### [EXERCISE DIRECTIONS]
What is printed must match, line for line, the records from their first line through the line containing "Budova interny v", with pictures left out.

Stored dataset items
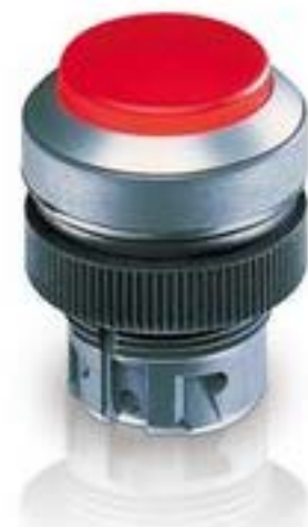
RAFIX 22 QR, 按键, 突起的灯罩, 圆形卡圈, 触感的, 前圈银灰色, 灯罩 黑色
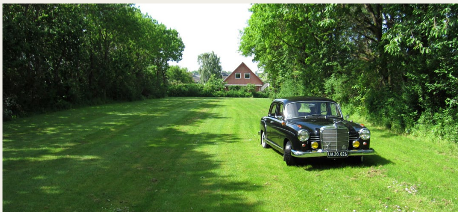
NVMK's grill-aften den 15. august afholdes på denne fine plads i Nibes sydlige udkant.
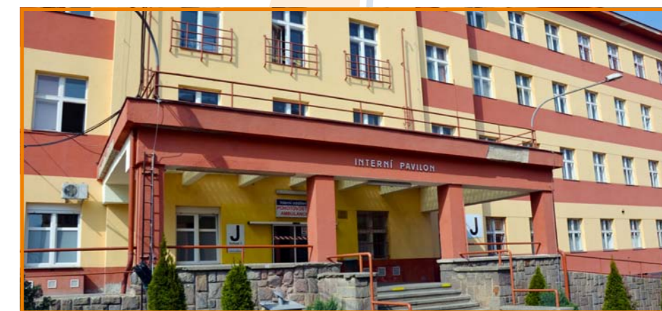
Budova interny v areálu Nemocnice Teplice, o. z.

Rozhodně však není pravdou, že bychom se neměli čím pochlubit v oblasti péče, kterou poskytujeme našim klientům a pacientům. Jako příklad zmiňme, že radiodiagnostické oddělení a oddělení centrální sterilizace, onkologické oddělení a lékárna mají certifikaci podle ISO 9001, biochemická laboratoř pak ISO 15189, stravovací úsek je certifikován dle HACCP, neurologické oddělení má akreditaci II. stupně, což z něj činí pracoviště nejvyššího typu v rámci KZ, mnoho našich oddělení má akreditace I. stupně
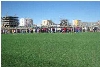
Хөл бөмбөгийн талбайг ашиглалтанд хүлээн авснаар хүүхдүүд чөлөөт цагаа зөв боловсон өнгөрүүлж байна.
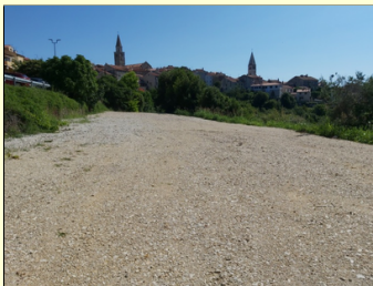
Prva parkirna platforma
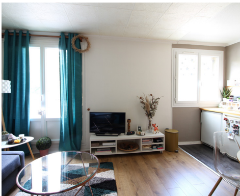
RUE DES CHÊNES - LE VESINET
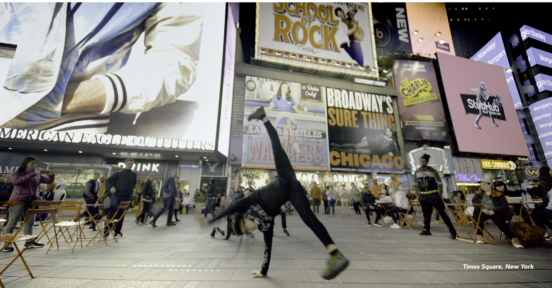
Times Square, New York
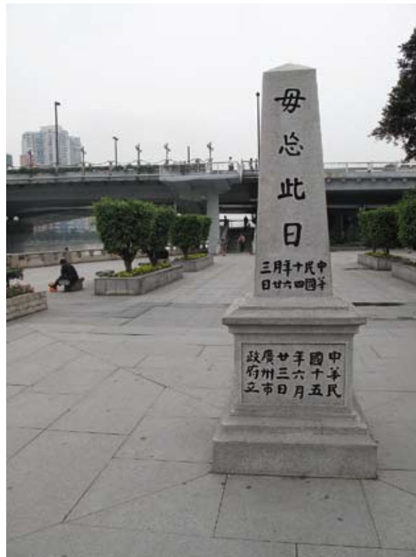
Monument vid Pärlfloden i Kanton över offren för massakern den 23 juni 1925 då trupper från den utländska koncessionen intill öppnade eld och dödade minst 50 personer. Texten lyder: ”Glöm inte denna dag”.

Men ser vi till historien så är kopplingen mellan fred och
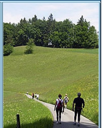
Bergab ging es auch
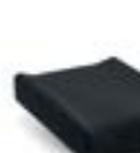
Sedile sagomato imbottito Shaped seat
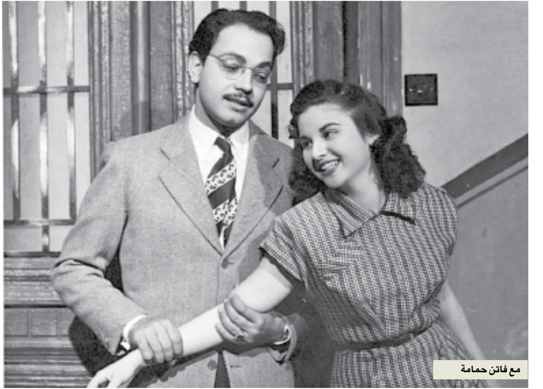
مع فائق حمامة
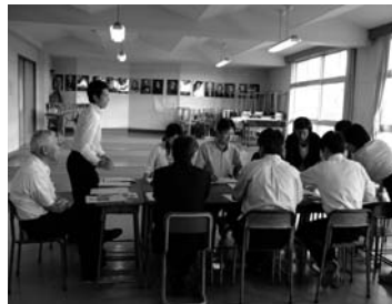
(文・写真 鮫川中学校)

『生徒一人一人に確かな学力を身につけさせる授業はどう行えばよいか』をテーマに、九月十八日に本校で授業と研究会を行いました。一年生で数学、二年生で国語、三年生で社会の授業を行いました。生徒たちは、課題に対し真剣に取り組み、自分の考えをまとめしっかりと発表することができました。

### [RESULT]
RAFIX 22 QR, 按键, 突起的灯罩, 圆形卡圈, 触感的, 前圈银灰色, 灯罩 黑色
NVMK's grill-aften den 15. august afholdes på denne fine plads i Nibes sydlige udkant.
Budova interny v areálu Nemocnice Teplice, o. z.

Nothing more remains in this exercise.